* _EXERCISE OBJECTIVE_
Reproduce everything from the line that contains "①기차표 매진시 잔여석 확인" down to the line that contains "7階 | 向き | 西 |" in the listing below, word for word and nothing more. Leave the pictures out.

* _EXTRACTED INFORMATION_
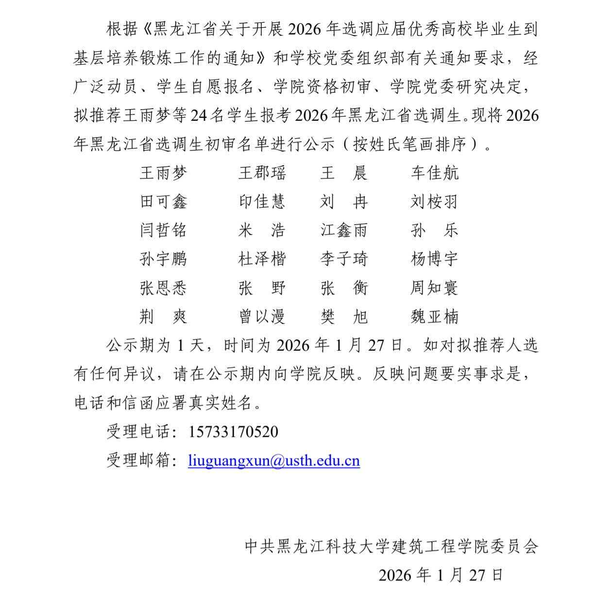 建筑工程学院2026年黑龙江省选调生初审名单公示
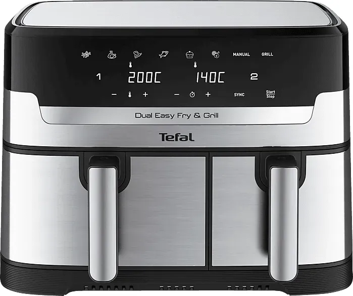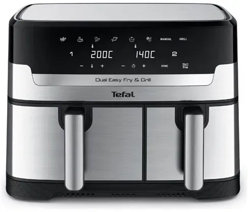 Kategorie: Fritteusen - Tefal - GTIN:3045380024236 - Doppelte Heißluftfritteuse, 8.3 Liter, 2.7 kW, rostfreier Edelstahl - 161,76 Euro bei Proshop.de - gefunden von billiger.de Jacob.de bietet die Tefal EY905D für 166.29 Euro an, was ein fairer Preis für die 8,3 Liter Version ist. ![]() ![]() Tefal Dual Easy Fry & Grill EY905D Doppel 8,3 l Eigenständig 2700 W Heißluftfritteuse Edelstahl (EY905D DUAL EASY FRY & GRILL)
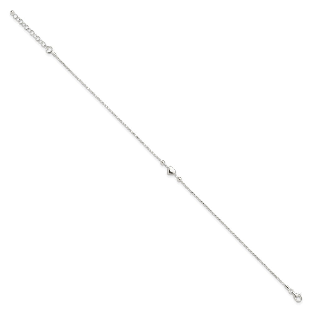 Sterling Silver Heart/Beads 9 inch Plus 1 inch Extender - Total 10 inch Anklet
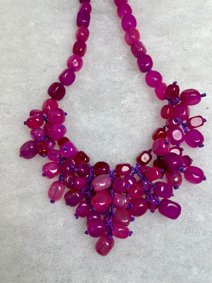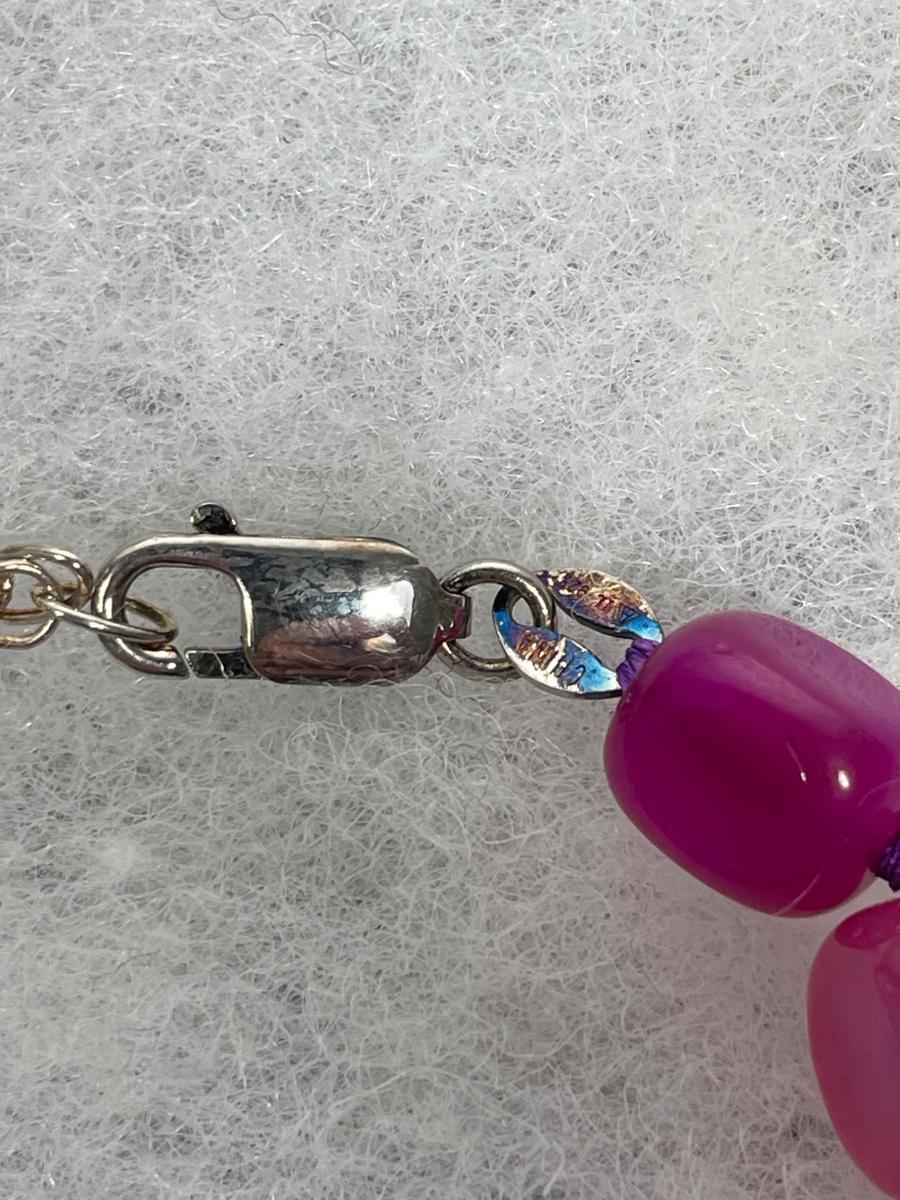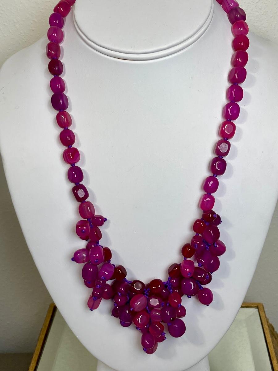 Dyed Pink Agate beaded Sterling Necklace
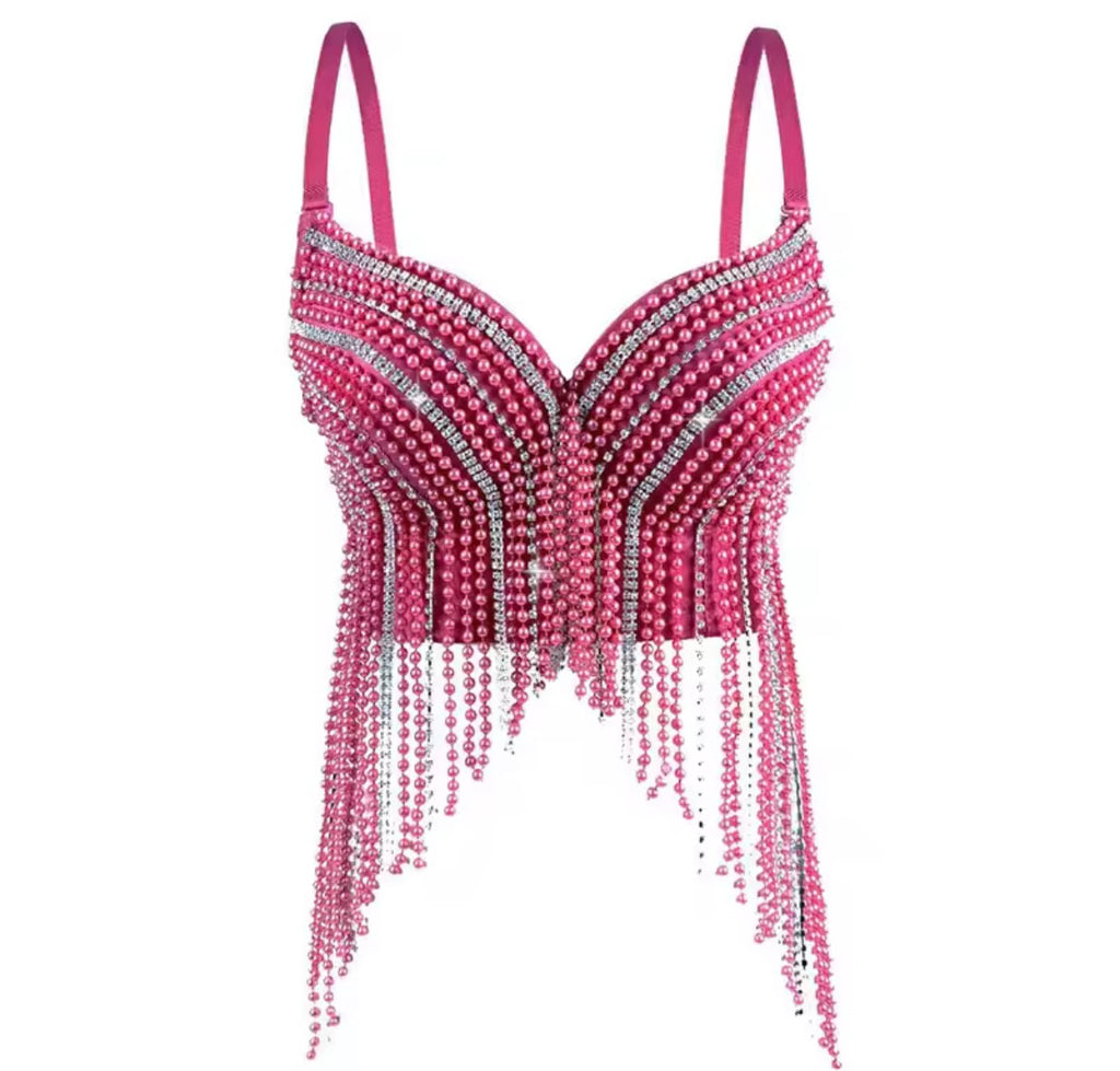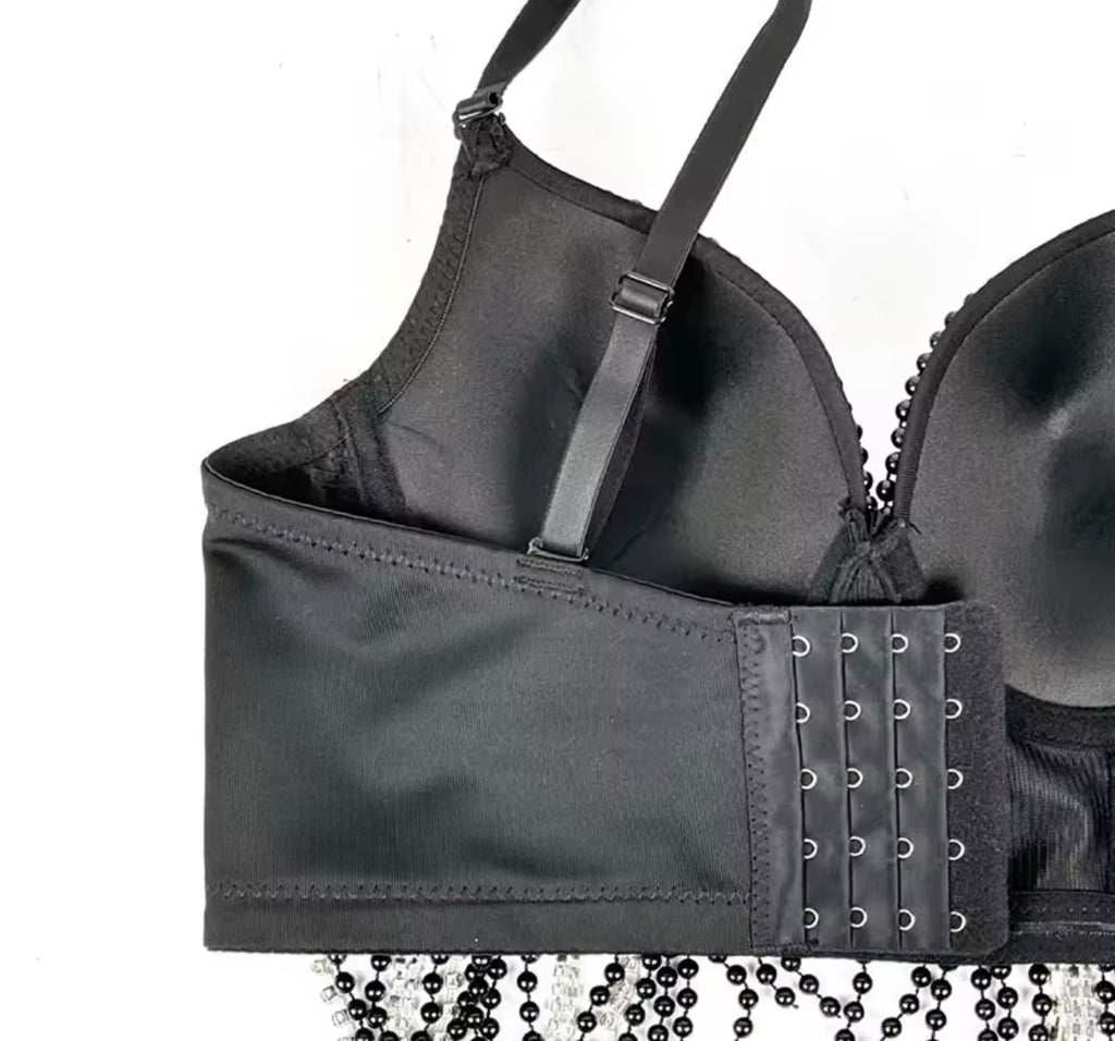Women Rhinestone Tassel Black Fashion Tank Crop Top
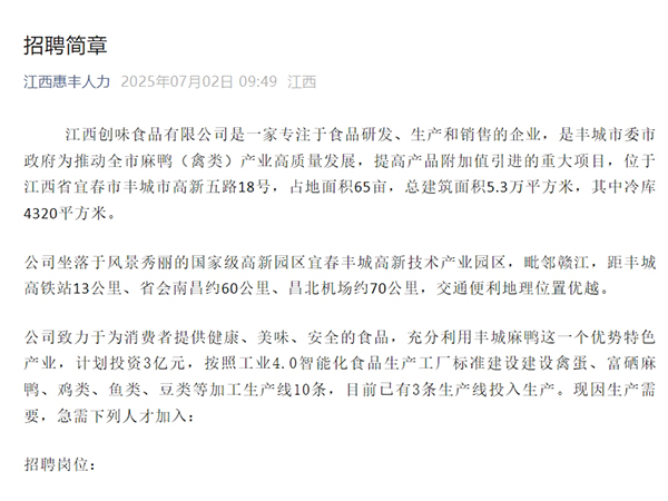江西創(chuàng)味食品有限公司是一家專注于食品研發(fā)、生產(chǎn)和銷售的企業(yè),是豐城市委市政府為推動全市麻鴨(禽類)產(chǎn)業(yè)高質(zhì)量發(fā)展,提高產(chǎn)品附加值引進的重大項目,位于江西省宜春市豐城市高新五路18號,占地面積65畝,總建筑面積5.3萬平方米,其中冷庫4320平方米。公司坐落于風...
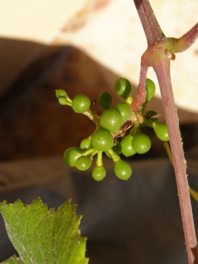 הגפן שתולה פחות מחודש אבל כבר מכוסה בפרי.
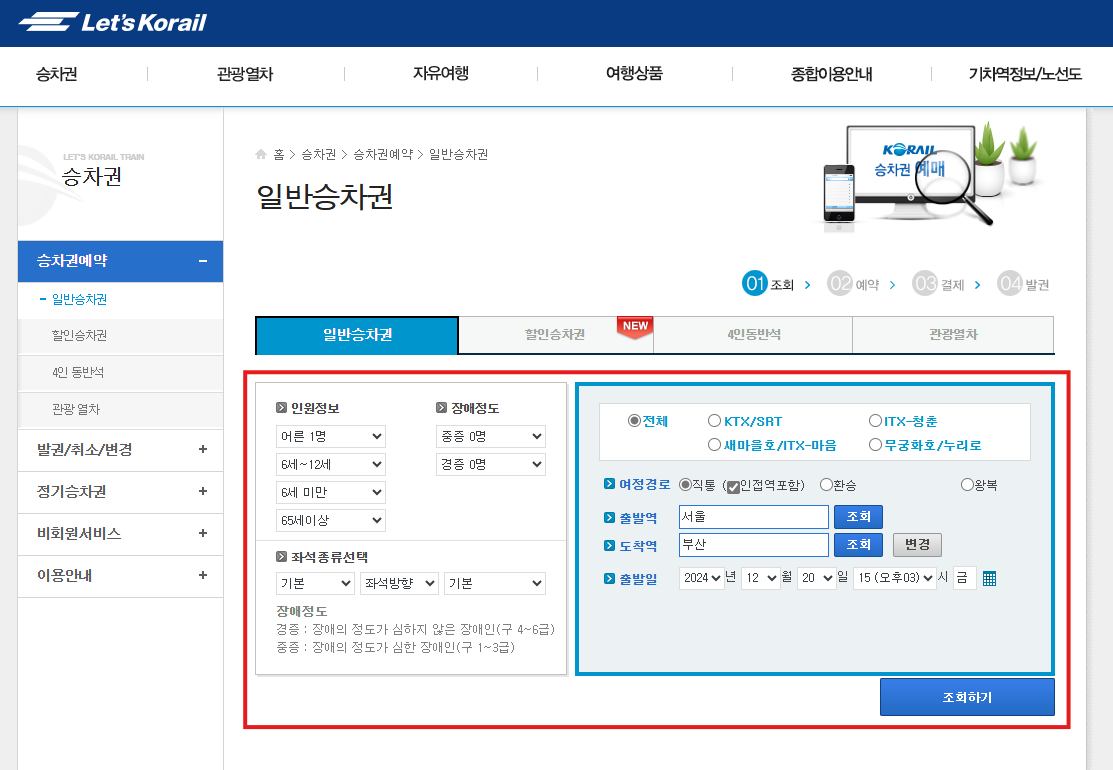 ①기차표 매진시 잔여석 확인
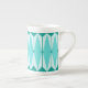 Dieses hat geometrische Diamanten u. Sternexplosion-Knochen-China-Tasse allen kitschy Charme von etwas, das kitschy und reizend ist. Die Vintagen inspirierten Ausrüstungsbeschreibungen ein Mod, Pfaublauhintergrund mit den hellblauen, länglichen Hexagonen, überlagert mit Türkisdiamanten und Pfaublau-Sternexplosionen. Es ist ein Kaleidoskop der Retro Güte! Dieses Fünfzigerjahre und Sechzigerjahre Palm Spring Artentwurfswürden aussehen wie es gleichmäßig zu Hause auf einem modernen Motelzeichen der Mitte des Jahrhunderts oder im Haus Ihrer klassischen Fernsehlieblingsfamilie sein.
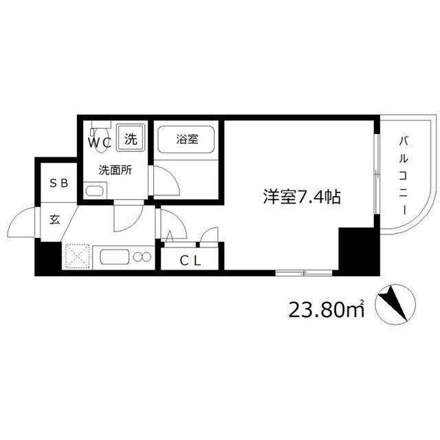 | 間取り / 広さ | 1K / 23.8㎡ | 所在階数 | 7階 | 向き | 西 |
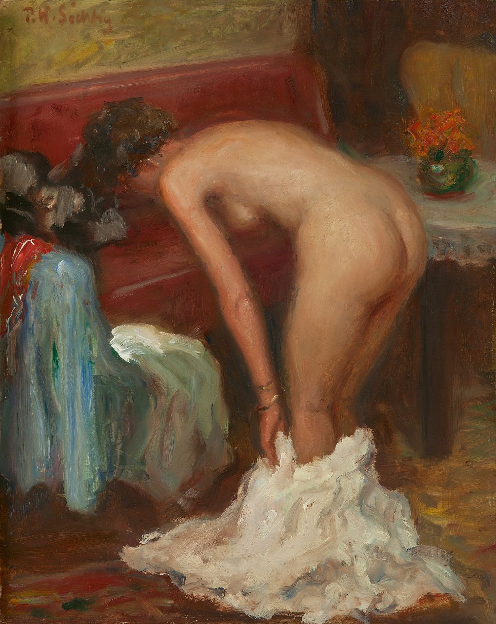 Der im Jahre 1919 geborene Paul Werner Söchtig gehört zu den spät- impressionistischen Malern, aber er benutzt diesen Stil mit der Frische und Spontanität der ersten Künstler dieser Strömung. Er malt Stadtansichten von Düsseldorf, Stilleben und Innenräume mit Figuren und Akten in warmen, anheimelnden Farben. Das schnelle aufzeichnen seiner ersten Eindrücke ist wichtig für ihn, namentlich in seinen Landschaften; die Wiesen und Baumgruppen des Niederrheines sind dabei seine beliebtesten Themen. Der Maler strebt in seinen Werken nach Harmonie und Schönheit, auch als er Mitte 50er Jahre einige Zeit zur Abstraktion übergeht.
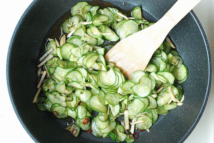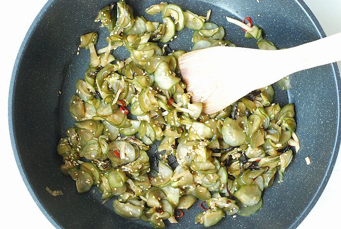 ③ フライパンに水気を絞ったきゅうりと◆を入れ、汁気がなくなるまで炒めます。
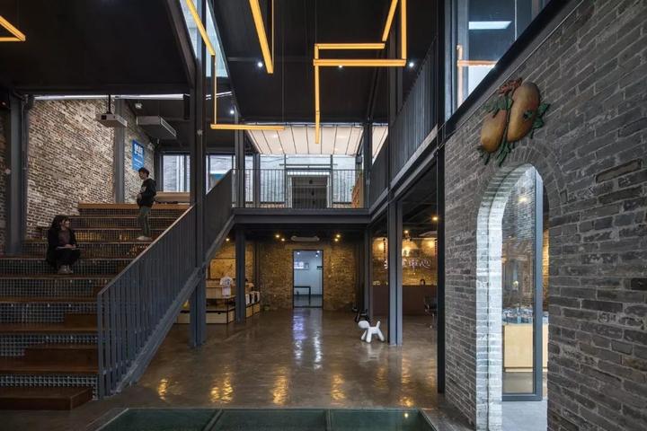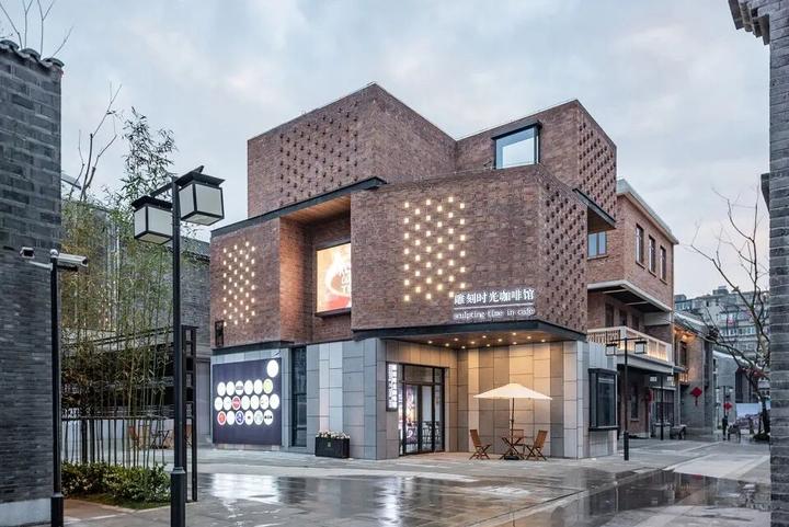 设计师从中提取了部分违章建筑的搭建手法和砖墙肌理元素应用在新的商业建筑上,建成后作为一个咖啡馆供人们休闲聚友,咖啡馆的名字也很贴合设计概念:雕刻时光。

* _TASK RESPONSE_
 ①기차표 매진시 잔여석 확인
 Dieses hat geometrische Diamanten u. Sternexplosion-Knochen-China-Tasse allen kitschy Charme von etwas, das kitschy und reizend ist. Die Vintagen inspirierten Ausrüstungsbeschreibungen ein Mod, Pfaublauhintergrund mit den hellblauen, länglichen Hexagonen, überlagert mit Türkisdiamanten und Pfaublau-Sternexplosionen. Es ist ein Kaleidoskop der Retro Güte! Dieses Fünfzigerjahre und Sechzigerjahre Palm Spring Artentwurfswürden aussehen wie es gleichmäßig zu Hause auf einem modernen Motelzeichen der Mitte des Jahrhunderts oder im Haus Ihrer klassischen Fernsehlieblingsfamilie sein.
 | 間取り / 広さ | 1K / 23.8㎡ | 所在階数 | 7階 | 向き | 西 |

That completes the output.